The NJDEP endorsed the costliest option presented — requiring coverage of the entire landfill — because of the benefits to be gained from reductions in hydrogen sulfide emissions over the entirety of the post-closure period and the need to minimize moisture infiltrating the landfill.
The Town of Kearny’s environmental engineer had previously submitted comments to the NJDEP in August 2020 that also supported a geomembrane cover over the entire landfill for similar reasons.
Keegan Landfill historical timeline
1950: Landfill operations begin under William A. Keegan, Inc., on property owned in part by the Town of Kearny. The 90-acre landfill received over 170,000 loads per year, including industrial waste such as waste oil, chromate and pigment from DuPont Chemical.

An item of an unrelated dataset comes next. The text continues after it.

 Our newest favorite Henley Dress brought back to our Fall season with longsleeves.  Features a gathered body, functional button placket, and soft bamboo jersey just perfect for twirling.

1972: William A. Keegan, Inc., ceased operations due to the lack of environmental controls. Garbage remain exposed on the surface and unauthorized “midnight dumping” became frequent.

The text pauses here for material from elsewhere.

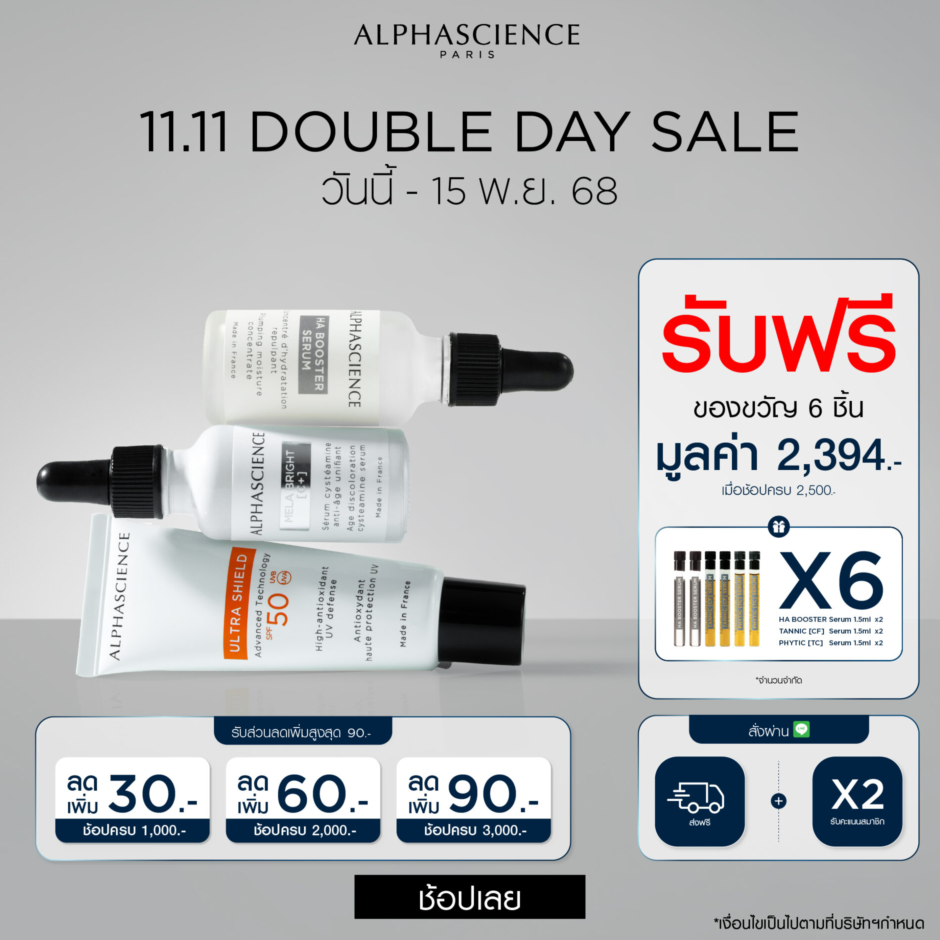 ส่งฟรี! ทุกออเดอร์ไม่มีขั้นต่ำ เมื่อสั่งซื้อผ่านเว็บไซต์เท่านั้น

1976-2006: Fires begin to periodically erupt on the landfill, including two in 1976, three in 1978, a seven-day fire in 1984, one in 1995, two in 2002 and one in 2006. Some emitted so much smoke that closure of the nearby NJ Turnpike was required.
1984: Rainwater that percolated with the waste material, generating leachate, begins pouring into nearby Frank’s Creek and the Kearny Marsh at the rate of 65 million gallons of leachate per year.

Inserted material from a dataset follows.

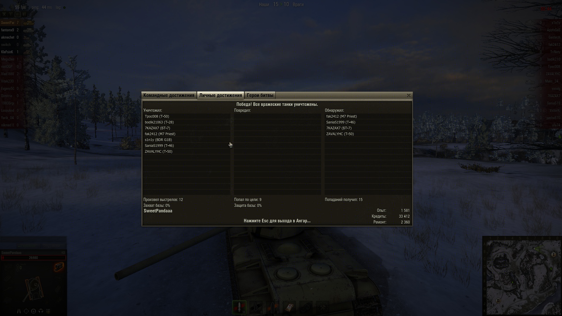 Победа! Бой: Заполярье 22 февраля 2012 г. 17.11.48 Танк: КВ Получено опыта: 1ОВНЕД!!1!581 Получено кредитов: 33ОВНЕД!!1!412 Достижения в бою: «Стальная cтена», «Воин», «Бронебойщик», «Коса Смерти» Спасибку тыкнул,чтобы я еще так смог! Последний раз редактировалось z33bra; 22.02.2012 в 18:29.  |

1987: The state DEP orders the Town of Kearny to cover the landfill to stop the fires and reduce leachate. Kearny never fulfills that directive.
2005: Kearny and the NJ Meadowlands Commission (now the NJSEA) enter into a lease agreement under which the commission would properly close the landfill and then reclaim the site as active recreational facilities for the town called the “Green Space Initiative.”
The commission spends over $25 million to construct a leachate-collection system and a containment wall around the entire landfill and builds two sewage pump stations to move the leachate to a treatment facility.
The cost of this work is to be recovered through tipping fees over five years from the disposal of demolition debris, beginning in 2010, that would serve as a cap on the site. The landfill operating permit expressly excludes the dumping of debris containing asbestos and drywall (gypsum board).
2016: Under a lease agreement, the commission was scheduled to end landfill operations June 30, 2016.
Instead, the NJSEA, which took over the JNMC, files eminent domain action against the town to forcibly acquire the land on which the landfill operates.
On July 27, 2016, the Superior Court of New Jersey authorizes eminent domain action and the NJSEA applies for permits to continue landfill operations. The town files an appeal which it loses in 2017.
2019: In February, the town installs monitoring stations for hydrogen sulfide, a foul-smelling gas generated by the decomposition of gypsum board, at Harvey Field and on Third Avenue. Regular exceedances of NJDEP’s limits for hydrogen sulfide (30 parts per billion or more) are recorded at the monitoring stations.
Throughout the year, residents regularly attend public meetings of the NJSEA to voice their opposition to landfill operations. On April 27, 2019, hundreds of residents march to the entrance of the landfill on Bergen Avenue to protest the landfill’s operation by the NJSEA.
2019: The town files a lawsuit against the authority to end landfill operations because of hydrogen sulfide emissions that exceed the NJDEP’s limits.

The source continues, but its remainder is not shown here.